Cocardasse la dévisagea de la même façon que l’avait fait Passepoil quand on lui avait dit qu’elle n’avait pas d’amoureux. Pour l’un, tel qui ne buvait pas de vin et pour l’autre, tel qui n’aimait pas, devait être conformé autrement que le commun des mortels.

— Eh ! donc !… que bois-tu ?

— Du cidre, quelquefois… presque toujours de l’eau.

— Ver ! plaignit le Gascon dont le gosier devint soudain aride à la pensée de ces deux liquides abhorrés ; va donc chercher de ce juss insipide, pitchounette.

— Il n’y a pas de cidre ici, mon gentilhomme, et, je vous l’ai dit, je n’ai pas soif.

— Oïmé !… voilà bien quelque chose qui me renverse et tu es la première que j’ais vue bâtie de la sorte. Si je songe jamais à me marier, je songerai à toi… Cornebiou ! à table au moins j’aurai la part double.

— Joue donc, interrompit Passepoil, craignant déjà que son ami parlât sérieusement de mariage.

La Paillarde ronflait. Il y avait des chances pour qu’elle ne se réveillât pas de longtemps. Il pouvait être deux heures du matin et, au dehors, la nuit était d’un noir d’encre.

Yves de Jugan et Raphaël Pinto paraissaient inquiets. Ils prêtaient l’oreille au moindre bruit venu de l’extérieur. La résistance de Mathurine les déroutait et vainement ils se creusaient la cervelle pour découvrir un moyen d’éloigner ce témoin gênant.

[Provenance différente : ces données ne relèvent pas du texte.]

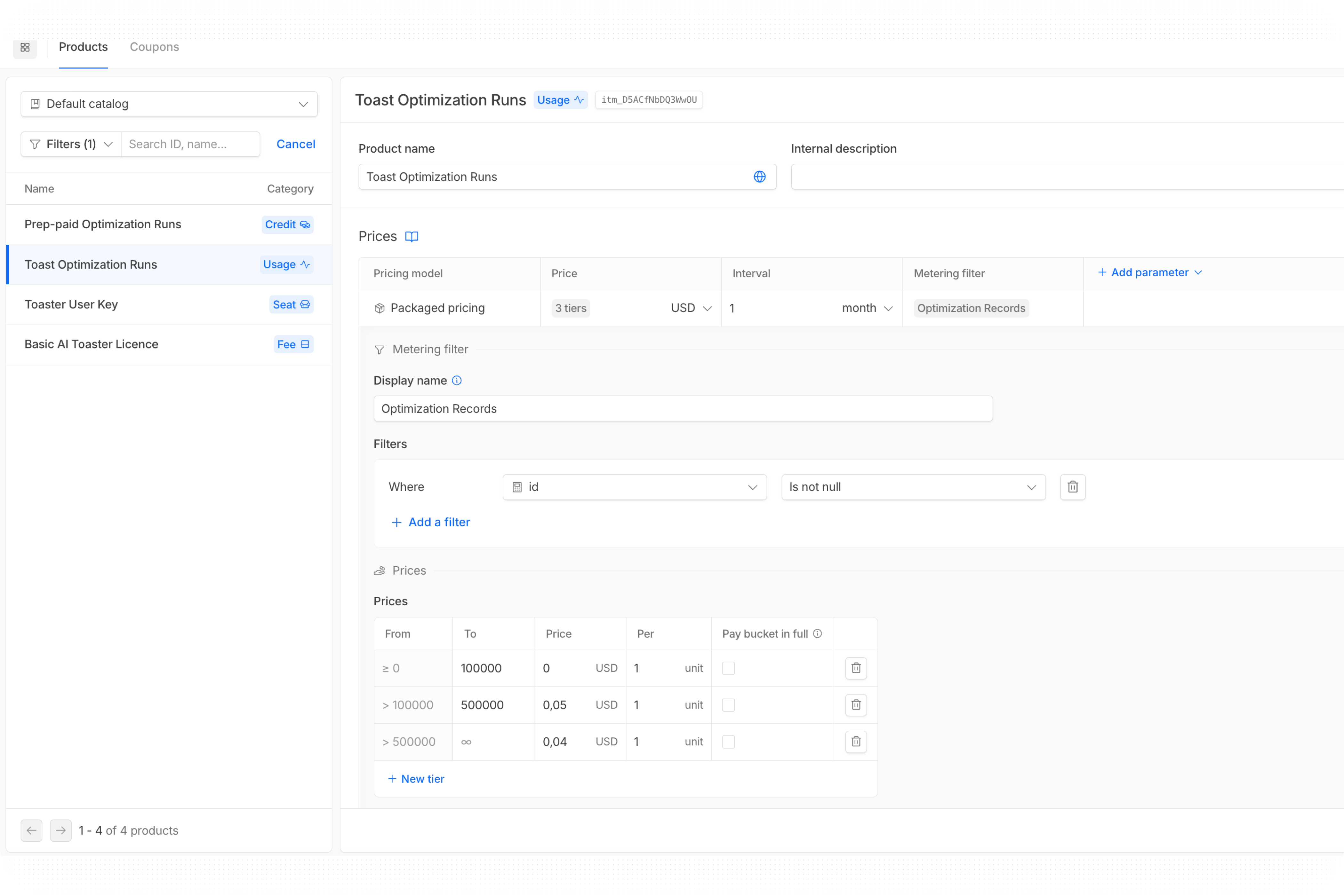 Usage-based pricing tied to measurable consumption. Meter events, apply tiers, and bill customers based on actual usage.

S’ils eussent pu l’endormir, comme ils l’avaient fait pour sa maîtresse, le champ fût resté libre ; les prévôts se laissaient facilement attirer dans le guet-apens projeté.

Force leur était d’y renoncer maintenant et aussi de constater que les deux habitués de Crèvepanse tardaient bien à agir de leur côté.

Le jeu reprit donc sans enthousiasme. Passepoil échangeait de tendres œillades avec Mathurine ; les spadassins se faisaient des signaux inquiets et Cocardasse n’avait d’yeux que pour la bouteille. Mauvaises conditions, en somme, pour que les uns et les autres fussent attentifs à leurs cartes.

Décidément la gaieté sommeillait, sans qu’il eût été besoin de pilules.